Yahan Zhang  1 Hongwei Han  2 Hanyue Qiu  2 Hongyan Lin  2 Lugang Yu  3 Wanzhan Zhu  3 Jinliang Qi  4 Rongwu Yang  2 Yanjun Pang  2 Xiaoming Wang  5 Guihua Lu  6 Yonghua Yang  7
Affiliations
  • 1. State Key Laboratory of Pharmaceutical Biotechnology, NJU-NJFU Joint Institute of Plant Molecular Biology, Nanjing University, Nanjing 210023, China; Suzhou Industrial Park Center for Disease Control and Prevention, Suzhou 215000, China.
  • 2. State Key Laboratory of Pharmaceutical Biotechnology, NJU-NJFU Joint Institute of Plant Molecular Biology, Nanjing University, Nanjing 210023, China.
  • 3. Suzhou Industrial Park Center for Disease Control and Prevention, Suzhou 215000, China.

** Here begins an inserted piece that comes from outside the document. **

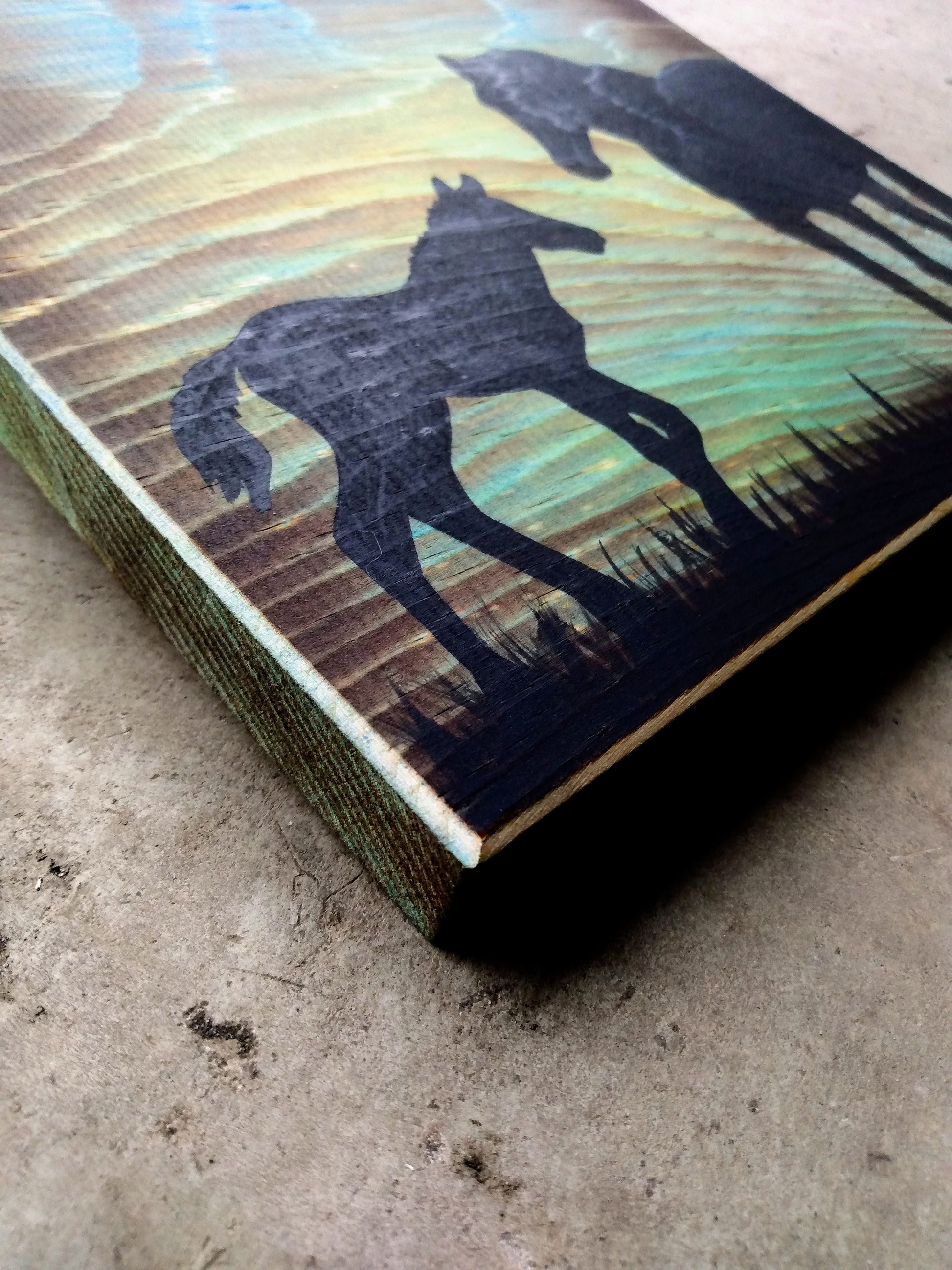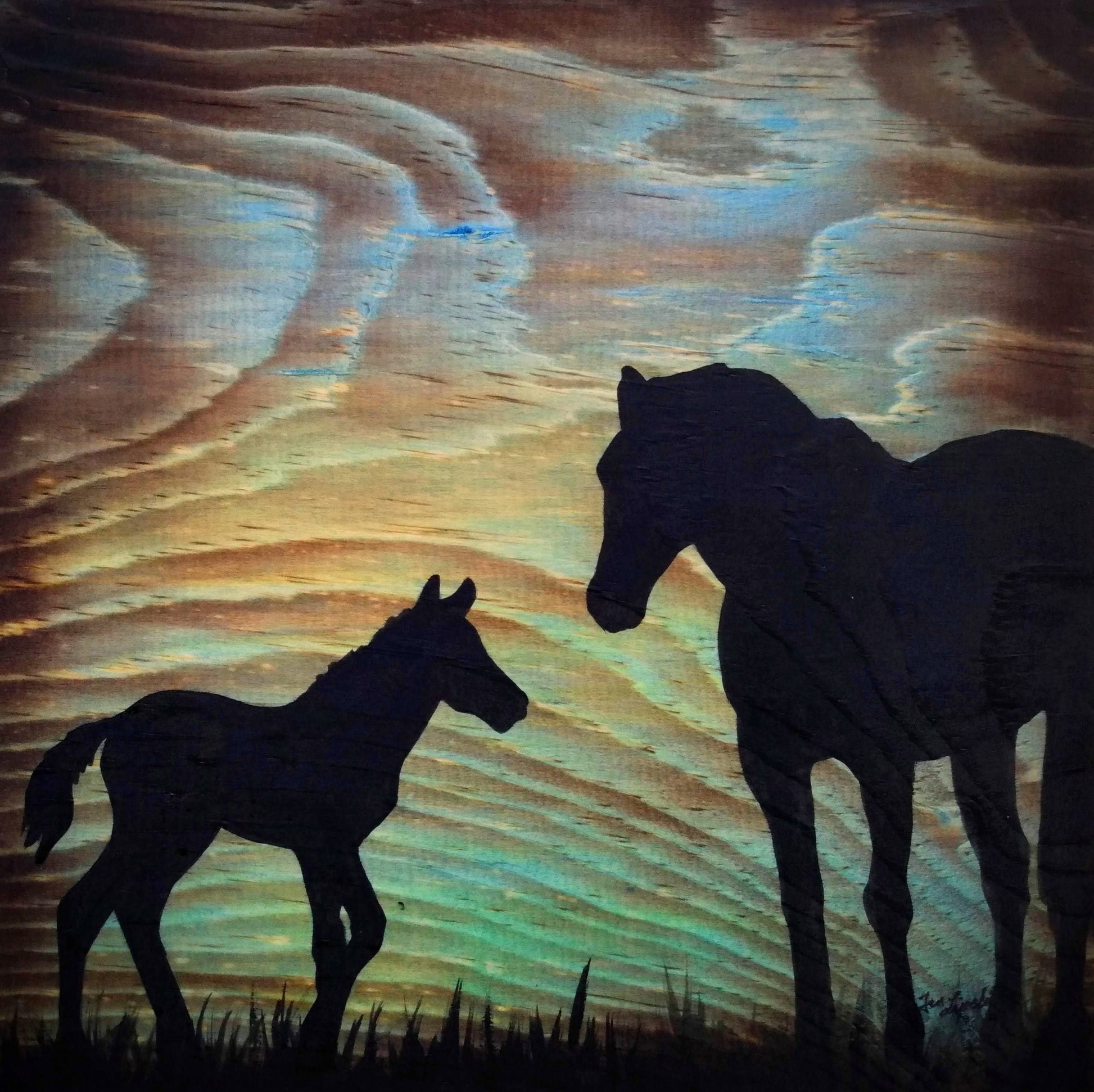 Learn the ropes with this loving dam and her foal in this one-of-a-kind horse themed silhouette painting. Painted on natural wood, this beautiful horse painting would make a wonderful accent piece for your home, farm, or cottage.

  • 4. State Key Laboratory of Pharmaceutical Biotechnology, NJU-NJFU Joint Institute of Plant Molecular Biology, Nanjing University, Nanjing 210023, China; Co-Innovation Center for Sustainable Forestry in Southern China, Nanjing Forestry University, Nanjing 210037, China.
  • 5. State Key Laboratory of Pharmaceutical Biotechnology, NJU-NJFU Joint Institute of Plant Molecular Biology, Nanjing University, Nanjing 210023, China; Co-Innovation Center for Sustainable Forestry in Southern China, Nanjing Forestry University, Nanjing 210037, China. Electronic address: [email protected].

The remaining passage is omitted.